A responsável municipal pela mobilidade garantiu, a propósito, que a semana temática não esgota a política do município para essa área, mas fez questão de sublinhar a relevância da iniciativa, essencialmente como “sensibilização” e como meio de “alertar as pessoas para necessidade de adoptar estilos de vida mais condizentes com o que todos necessitamos”. Em todo o caso, Olga Pereira considera que “as pessoas estão sensibilizadas”, notando, contudo, que “falta dar o passo seguinte, que é adoptar efectivamente modos alternativos de deslocação viária.”
Creio ser nesta asserção que reside o grande equívoco da vereadora e, por extensão, do próprio executivo camarário. E tal confusão, propositada ou involuntária, fica bem patente quando a responsável acrescenta que “é nisso que estamos empenhados, mas não vamos conseguir fazer nada se não houver motivação e efectiva vontade de mudar por parte da população.”
A questão que tem de ser colocada desde já é muito simples: como chegou a Câmara de Braga a tal conclusão? Fez algum estudo sério, ou procedeu a um qualquer simulacro de consulta num círculo restrito de amigos? Ou tratou-se apenas de mais um dos tão usados exercícios de “achismo”?
A acuidade das interrogações assume, nestas circunstâncias, uma relevância enorme porquanto é público e notório que, em termos de política de mobilidade, o município de Braga tem pautado a sua acção pelos mínimos. E até nem estou sozinho nesta conclusão, já que o próprio barómetro da coligação chega à mesma conclusão!
É consensualmente aceite que existe uma relação directa entre eficiência do transporte público e a mobilidade urbana. Ora, embora não me custe reconhecer uma acentuada melhoria na transportadora municipal, em particular ao nível da renovação da frota, a verdade é que o serviço que a empresa presta aos seus utentes ainda deixa muito a desejar.

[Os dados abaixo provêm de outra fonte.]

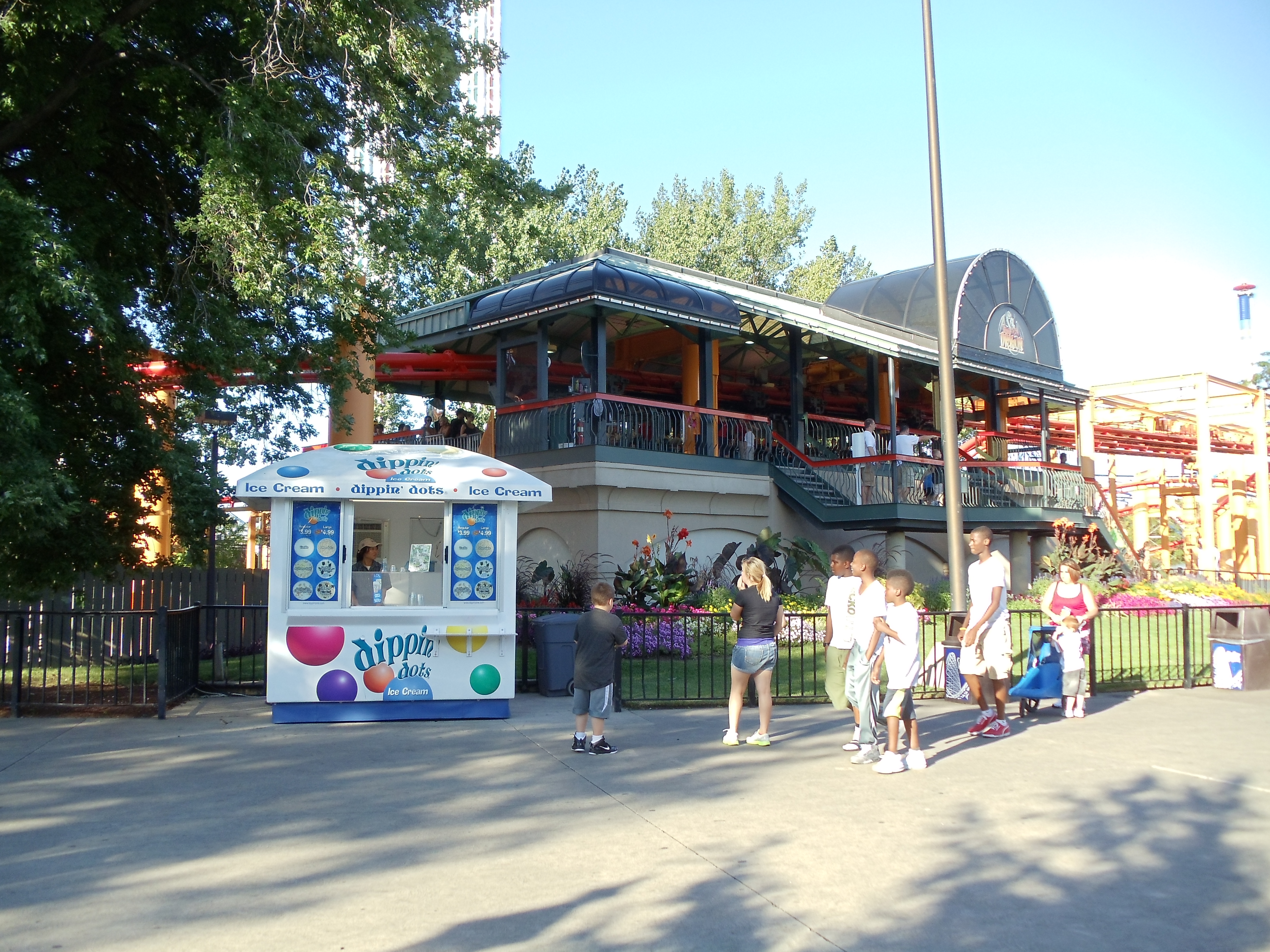 Now we’ll walk down the Million Dollar Midway, past the Coliseum and Skyride station and we’ve come to a fork in the road. We can either turn right and go towards Magnum XL200, or we can turn left and go down towards Millennium Force. This time we will turn right and the first coaster we come to was a record breaker when it opened. Sadly, this coaster closed on Sept 6, 2021, to make way for a new dining experience with the area around it being rethemed to the Boardwalk.

Atrasos constantes, anulação de determinadas carreiras (por coincidência as menos rentáveis, mas nem por isso socialmente menos necessárias), são algumas das “espinhas” que se atravessam diariamente nas gargantas dos utilizadores deste serviço público. Claro que inúmeros factores contribuem para esta situação, como será a ausência de vias dedicadas, mas tudo começa e acaba na ausência de uma verdadeira política de mobilidade e de planeamento urbano sustentável.

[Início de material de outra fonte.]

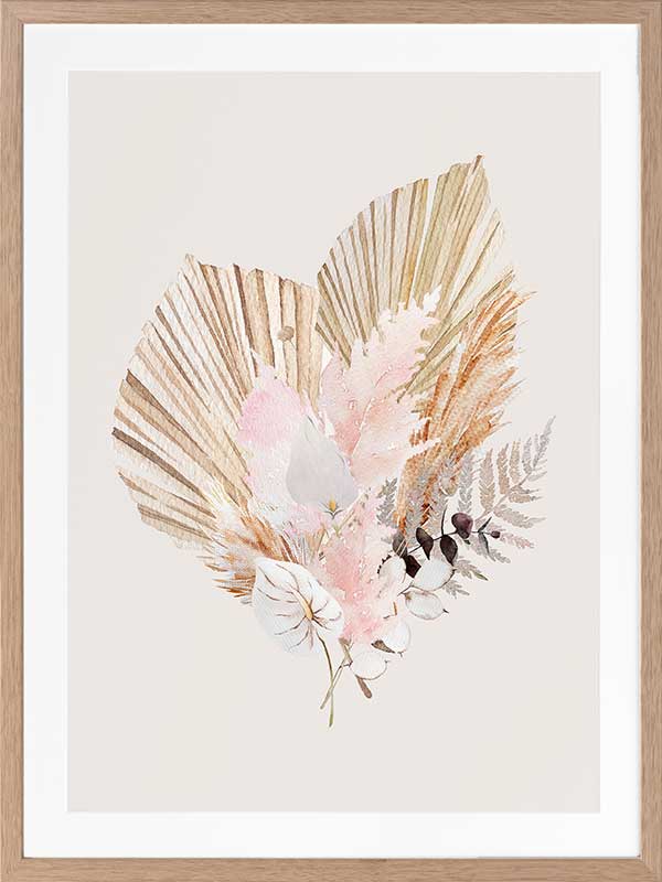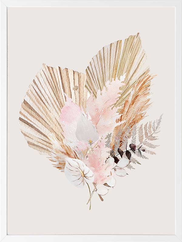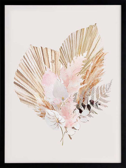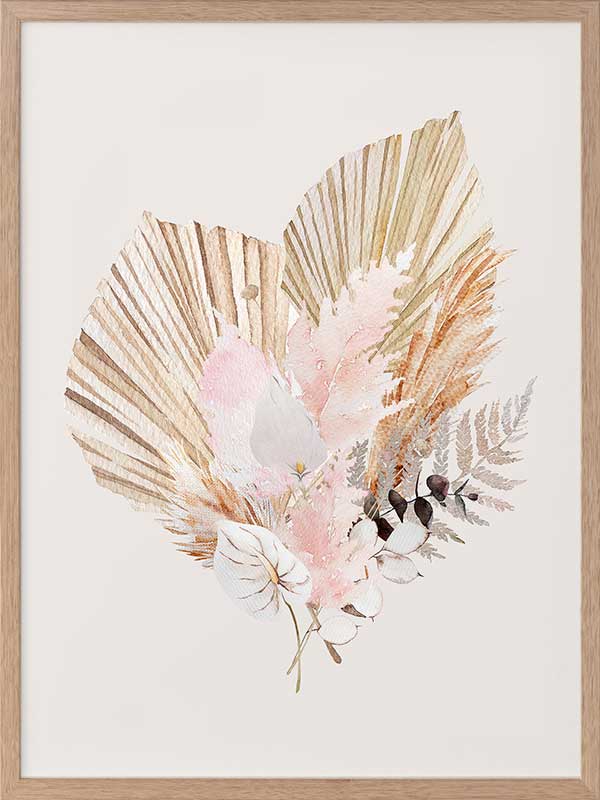 Fan Girl I - A watercolour illustration of a rustic, bohemian-inspired floral arrangement. Pairs with Fan Girl II.

Mas também é público e notório o défice de infraestruturas adequadas ao desenvolvimento dos diversos meios de mobilidade – motorizados, suaves e pedestres -, sendo certo que as características diversas de cada um deles têm forçosamente que ser harmonizadas. Ora, a esse nível, a intervenção do município tem deixado muito a desejar, não apenas no que concerne à manutenção das vias, algumas delas sem intervenção há anos, mas de igual modo no que diz respeito à criação de novas infraestruturas.
Face ao pesaroso quadro que se oferece aos bracarenses, parece-me completamente excessivo colocar em causa, como o fez a vereadora, a vontade de mudança da população. Aliás, de um modo geral, os bracarenses estão saturados de congestionamentos de trânsito, cada vez mais permanentes; estão cansados de sofrer os efeitos da poluição, do ar e sonora; estão fartos de perder qualidade de vida. Pretendem, por isso, a preservação do meio ambiente e querem recuperar a qualidade de vida de outrora, tarefa que compete à Câmara de Braga, através da implementação de uma verdadeira política de mobilidade.
Impõe-se, isso sim, gerar motivação, o que passa necessariamente pela criação de espaços públicos amigáveis para pedestres e para ciclistas e pelo estímulo a práticas de mobilidade sustentável. Só desse modo, quando os cidadãos tiverem total liberdade de escolha nos modos de transporte que preferem utilizar para as suas deslocações, é que se poderá afirmar que o município cumpriu as obrigações que lhe estão cometidas nessa matéria. Com medidas avulsas e decididas em cima do joelho, como tem vindo a acontecer, só nos resta mesmo esperar o tal milagre.